UV Light Disinfection
A UV system mounts on your main water line and exposes water to ultraviolet light as it flows through a chamber. The UV radiation damages bacterial DNA so the organisms can’t reproduce or cause infection. UV units don’t add chemicals, don’t change the taste of your water, and require minimal maintenance beyond replacing the bulb once a year. They do require clear water to work properly, though. If your well produces cloudy or iron-heavy water, you’ll need a sediment filter upstream of the UV unit.
Chlorine Injection
A chlorine injection system automatically feeds a small, controlled dose of chlorine into your water line. It works the same way municipal water treatment does, just at a smaller scale. This is particularly effective for wells with persistent bacterial issues because the chlorine provides residual protection throughout the plumbing. Many homeowners pair it with an activated carbon filter at the kitchen tap to remove the chlorine taste before drinking.
Reverse Osmosis
Reverse osmosis (RO) pushes water through a membrane with pores so tiny that bacteria, viruses, dissolved minerals, and heavy metals can’t pass through. RO systems remove up to 99% of many contaminants, including bacteria. Standard carbon filters, by comparison, are poor at removing bacteria and viruses. They’re designed mainly to improve taste and remove chlorine.

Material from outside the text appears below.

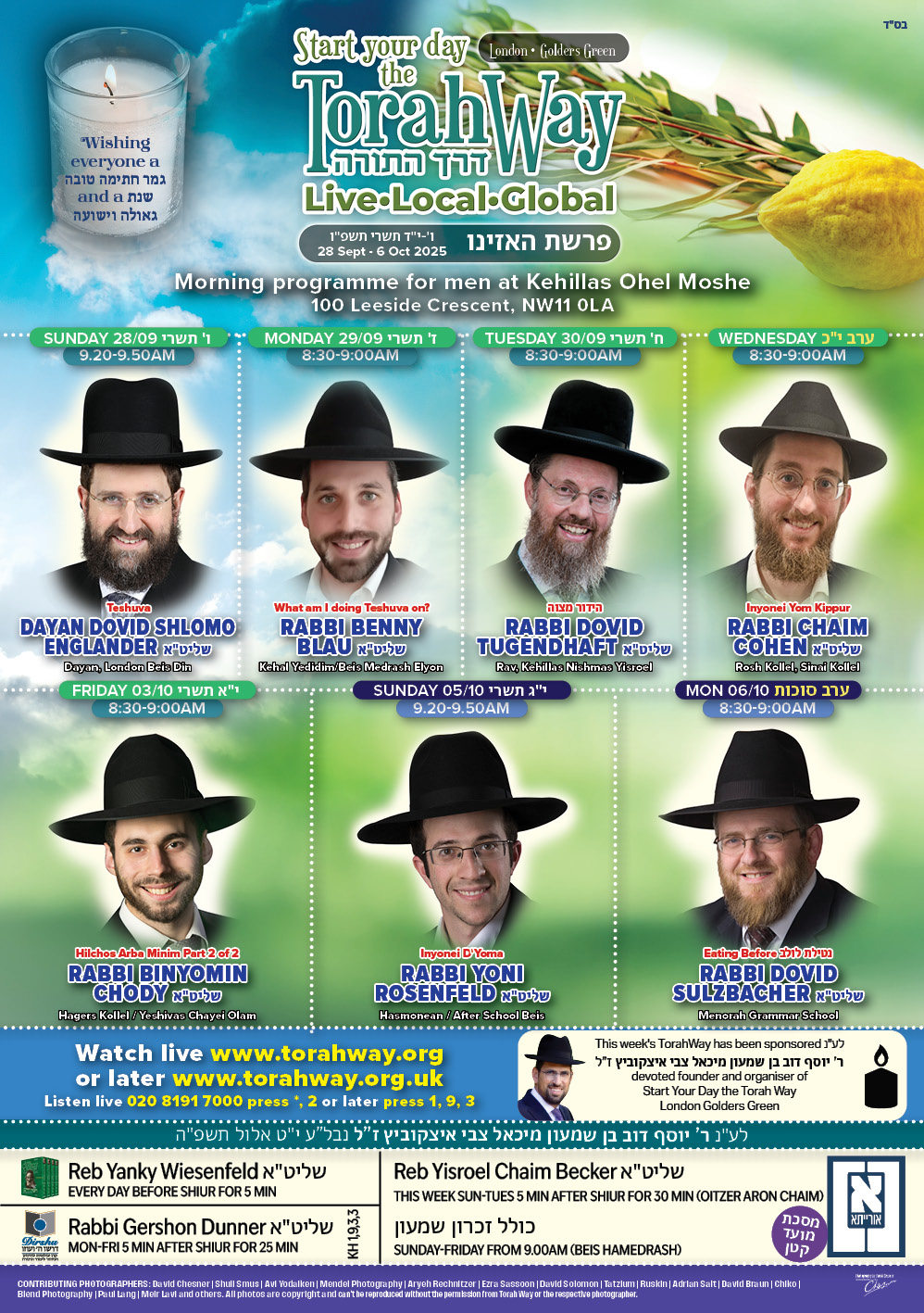 Sponsor a TorahWay week for £250 or sponsor a TorahWay shiur for £36. All donations are welcome and appreciated.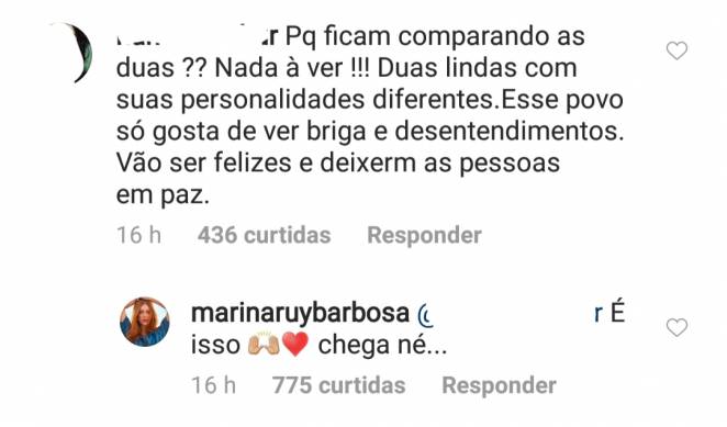 Após as séries de postagem de Bruna, no Instagram de Marina uma fã dela comentou sobre o assunto: “Por que ficam comparando as duas? Nada a ver! Duas lindas com personalidades diferentes. Esse povo gosta só de ver briga e desentendimentos. Vão ser felizes e deixem as pessoas em paz”.

Most residential RO systems install under the kitchen sink and treat only the drinking water tap, not the whole house. That makes them a good complement to shock chlorination or a chlorine injector rather than a standalone solution for whole-house bacterial contamination.
Ozone Treatment
Ozone disinfection uses an electrical charge to convert oxygen into ozone gas, which is then mixed into the water. Ozone is a powerful oxidizer that destroys bacteria on contact, typically requiring only 10 to 30 minutes of contact time. Residential ozone systems are less common than UV or chlorine but can be effective for wells with both bacterial and iron or sulfur problems, since ozone also oxidizes those minerals for easier filtration. The main drawback is higher upfront cost and slightly more complex installation.
Boiling in an Emergency
If you’ve just discovered bacteria in your well and haven’t had time to disinfect, boiling is the simplest immediate fix. Bring water to a rolling boil for one minute. At elevations above 6,500 feet, extend that to three minutes. Let it cool and store it in clean, covered containers. Boiling kills virtually all bacterial pathogens, including the ones most commonly found in contaminated wells: Campylobacter (the leading cause of bacterial gastroenteritis worldwide), E. coli, and coliform bacteria.
Preventing Recontamination
Killing bacteria is only half the job. If your well has a structural vulnerability, the contamination will return. The most common entry point is the well cap itself. Standard well caps sit loosely on the casing with bolts around the side, leaving a small gap that insects, rodents, and surface water can exploit. A sanitary well cap (sometimes called a vermin-proof cap) has bolts on top and includes a rubber gasket that creates an airtight seal, plus a screened vent for air exchange.
The ground around your well casing should slope away in all directions so rainwater and snowmelt drain away from the well rather than pooling around it. If you can see cracks in the casing, gaps in the grout seal, or standing water near the wellhead, those are likely how bacteria got in. Fixing the physical defect is essential. Otherwise, you’ll find yourself shock-chlorinating repeatedly with the same result each time.
Wells near livestock operations, septic systems, or heavily fertilized fields face higher contamination risk. If your well sits in one of these environments, test for coliform bacteria, nitrates, and nitrites, and consider making a continuous disinfection system part of your permanent setup rather than relying on periodic shock chlorination alone.